Roland Barthes avait confié lors d’une interview sur France Culture qu’il n’aimait pas trop marcher. La découverte pédestre de son parcours automobile préféré pour joindre Bayonne à Urt favorise une revue détaillée de l’environnement, mais aussi un point de vue à hauteur d’homme. Assis en auto, même décapotable le regard butte sur les haies et la digue ne livrent que de fugitives lignes de fuite.
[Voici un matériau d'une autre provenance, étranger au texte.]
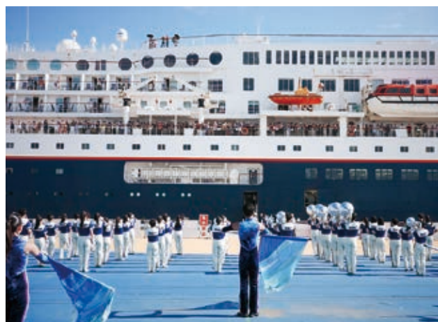
大洗高校による歓迎演奏
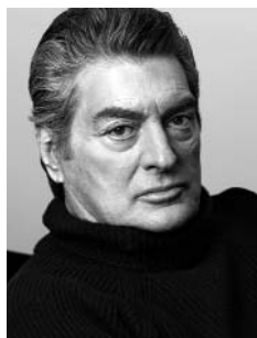
Алан Сигел (США) Основатель и председатель совета директоров Siegel+Gale

Определение понятия Corporate Voice. Разделение компаний мирового уровня по отличительным Corporate Voices и почему они успешны. Возникновение Corporate Voice. Как развить ваш особенный Voice? Какие преимущества вы сможете реализовать в результате?

La distinction entre paysages habitables et paysages visitables catégorise les paysages dont la distinction tient à la qualité de la lumière-espace qui dispense une qualité éminemment habitable à la terre qui acquiert ainsi le pouvoir de déjouer l’immobilité figée des cartes postales. Ce trajet des Barthes fait figure de modèle de paysage habitable, pourtant quelques années plus tard dans La Chambre Claire, l’auteur revient sur sa définition du paysage habitable en prenant pour exemple une photo de l’Alhambra. Réalisée par Charles Clifford dans les années 1850, cette image n’est pas sans évoquer la Villa Saint-Jean sur les bords de l’Adour, dont le souvenir du style hispanisant marqué pourrait avoir orienté le choix de Roland Barthes. D’autant que la légende « C’est là que je voudrais vivre… » est interrogée par le texte ci-dessous :

« Pour moi, les photographies de paysages (urbains ou campagnards) doivent être habitables, et non visitables. Ce désir d’habitation, si je l’observe bien en moi-même n’est ni onirique (je ne rêve pas d’un site extravagant) ni empirique ; il est fantasmatique, relève d’un sorte de voyance qui semble me porter en avant dans un temps utopique, ou me reporter en arrière, je ne sais où de moi-même (…) »… » La Chambre Claire- 1980- p.66-68

La tentation est grande de localiser ce je ne sais où de moi-même comme une réminiscence des bords de l’Adour. Et j’y succombe.

Quand il rentrait en fin d’après-midi à Urt, par la Départementale 74, il pouvait lire sur le cadran solaire de la Villa St-Jean : « Je ne marque que les beaux soirs ». Le cadran solaire ne peut marquer les heures de fin de journée que si le soleil brille assez tard dans la soirée. L’évidence poétique de cette assertion ne résume pas le sens littéral de ce tracé par la lumière, qui à l’instar des racines grecques du mot photographie « peindre avec la lumière » décrit un état naturel de la photo, inscription instantanée, sans mémoire. Dans ce contexte seul les « beaux » instants sont marqués, sans la lumière la marque n’apparaît pas, le « beau » fonctionne ici comme condition de la marque, du tracé. Ce « beau » météorologique peut aussi marquer un point final, le beau soir de la vie. Cet aphorisme éclaire d’une lumière particulière ce parcours qui lui est dédié.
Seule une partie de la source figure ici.